Start of Block

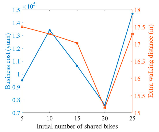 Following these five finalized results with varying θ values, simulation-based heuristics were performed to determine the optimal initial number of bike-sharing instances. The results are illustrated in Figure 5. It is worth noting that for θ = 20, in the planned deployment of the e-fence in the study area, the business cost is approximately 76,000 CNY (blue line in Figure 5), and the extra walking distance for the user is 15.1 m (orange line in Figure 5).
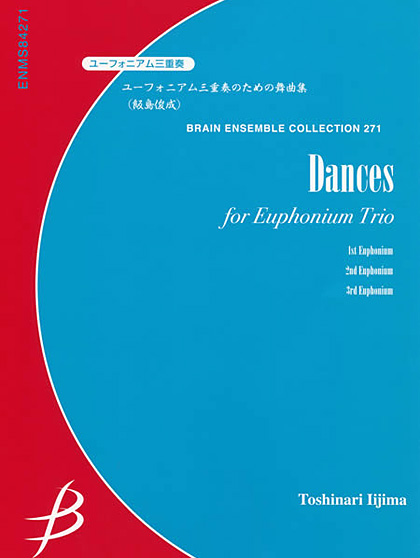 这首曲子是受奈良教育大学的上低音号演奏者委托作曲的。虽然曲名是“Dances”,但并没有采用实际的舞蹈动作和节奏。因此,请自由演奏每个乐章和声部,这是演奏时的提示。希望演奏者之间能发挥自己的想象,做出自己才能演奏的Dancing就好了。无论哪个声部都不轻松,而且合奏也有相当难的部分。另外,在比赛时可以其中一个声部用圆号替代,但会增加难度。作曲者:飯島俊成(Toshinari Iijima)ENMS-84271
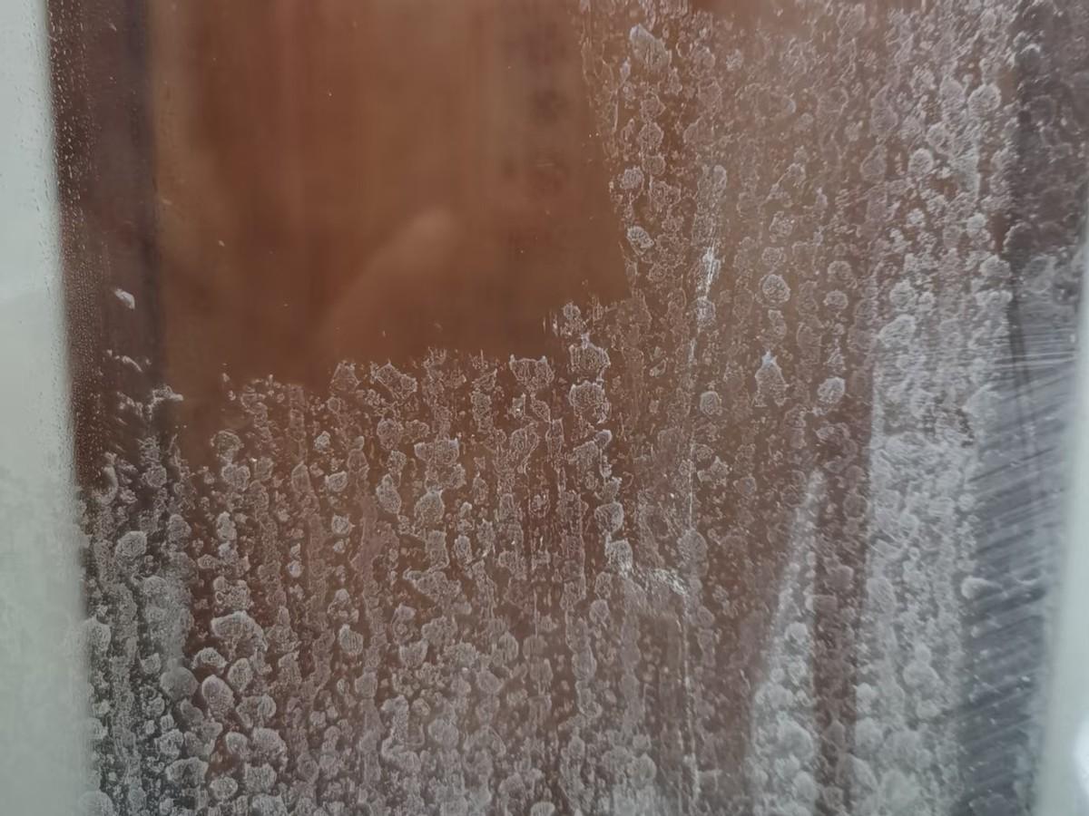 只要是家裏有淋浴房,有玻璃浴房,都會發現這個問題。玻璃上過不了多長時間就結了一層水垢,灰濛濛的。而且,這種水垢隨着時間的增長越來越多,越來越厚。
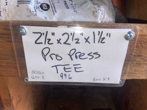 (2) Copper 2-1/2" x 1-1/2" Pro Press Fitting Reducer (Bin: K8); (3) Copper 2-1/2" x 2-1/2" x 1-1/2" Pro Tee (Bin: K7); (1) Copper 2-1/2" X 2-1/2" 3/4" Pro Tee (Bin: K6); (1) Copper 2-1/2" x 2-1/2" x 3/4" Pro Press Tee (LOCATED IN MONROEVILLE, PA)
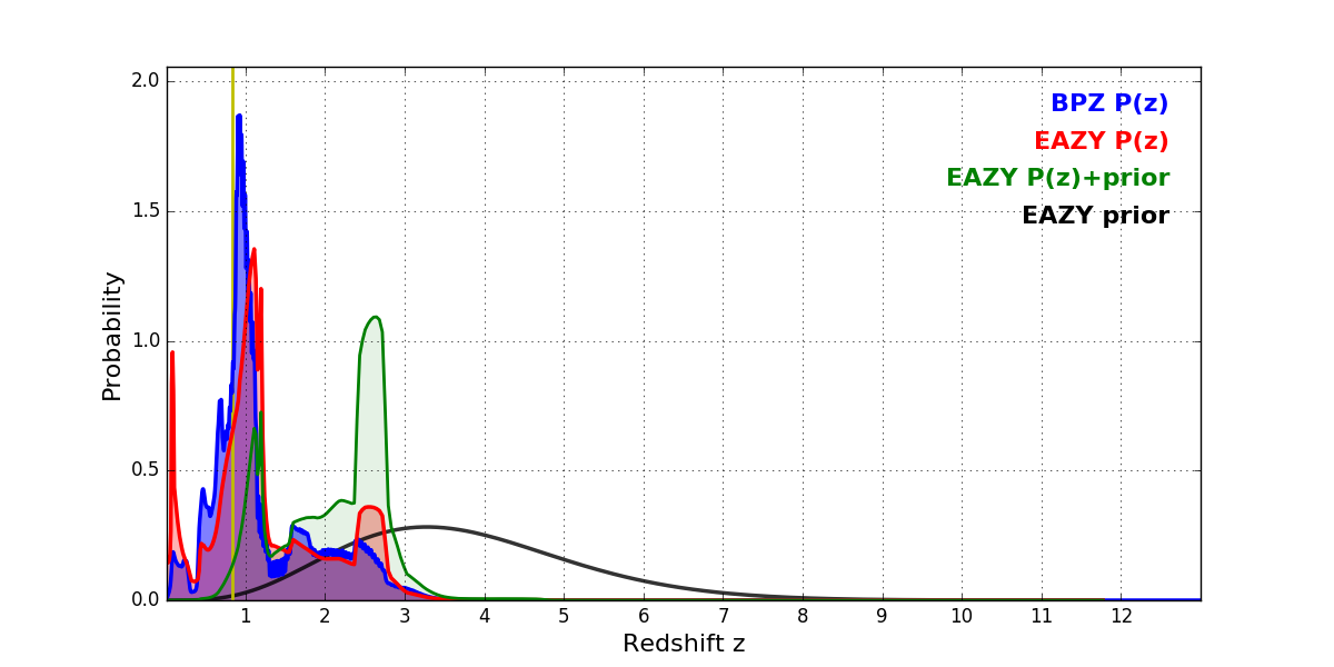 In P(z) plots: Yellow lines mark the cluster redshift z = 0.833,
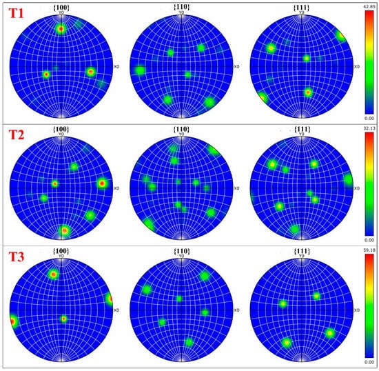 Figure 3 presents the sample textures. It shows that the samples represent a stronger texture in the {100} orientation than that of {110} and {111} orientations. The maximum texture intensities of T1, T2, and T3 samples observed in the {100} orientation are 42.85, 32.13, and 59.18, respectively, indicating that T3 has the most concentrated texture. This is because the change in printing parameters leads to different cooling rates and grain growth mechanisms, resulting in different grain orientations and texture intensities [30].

End of Block

# Exercise prompt
Please set down exactly the lines from the first line of the data above through the line with "In P(z) plots: Yellow", both included, leaving out the pictures.

# Written answer
 Following these five finalized results with varying θ values, simulation-based heuristics were performed to determine the optimal initial number of bike-sharing instances. The results are illustrated in Figure 5. It is worth noting that for θ = 20, in the planned deployment of the e-fence in the study area, the business cost is approximately 76,000 CNY (blue line in Figure 5), and the extra walking distance for the user is 15.1 m (orange line in Figure 5).
 这首曲子是受奈良教育大学的上低音号演奏者委托作曲的。虽然曲名是“Dances”,但并没有采用实际的舞蹈动作和节奏。因此,请自由演奏每个乐章和声部,这是演奏时的提示。希望演奏者之间能发挥自己的想象,做出自己才能演奏的Dancing就好了。无论哪个声部都不轻松,而且合奏也有相当难的部分。另外,在比赛时可以其中一个声部用圆号替代,但会增加难度。作曲者:飯島俊成(Toshinari Iijima)ENMS-84271
 只要是家裏有淋浴房,有玻璃浴房,都會發現這個問題。玻璃上過不了多長時間就結了一層水垢,灰濛濛的。而且,這種水垢隨着時間的增長越來越多,越來越厚。
 (2) Copper 2-1/2" x 1-1/2" Pro Press Fitting Reducer (Bin: K8); (3) Copper 2-1/2" x 2-1/2" x 1-1/2" Pro Tee (Bin: K7); (1) Copper 2-1/2" X 2-1/2" 3/4" Pro Tee (Bin: K6); (1) Copper 2-1/2" x 2-1/2" x 3/4" Pro Press Tee (LOCATED IN MONROEVILLE, PA)
 In P(z) plots: Yellow lines mark the cluster redshift z = 0.833,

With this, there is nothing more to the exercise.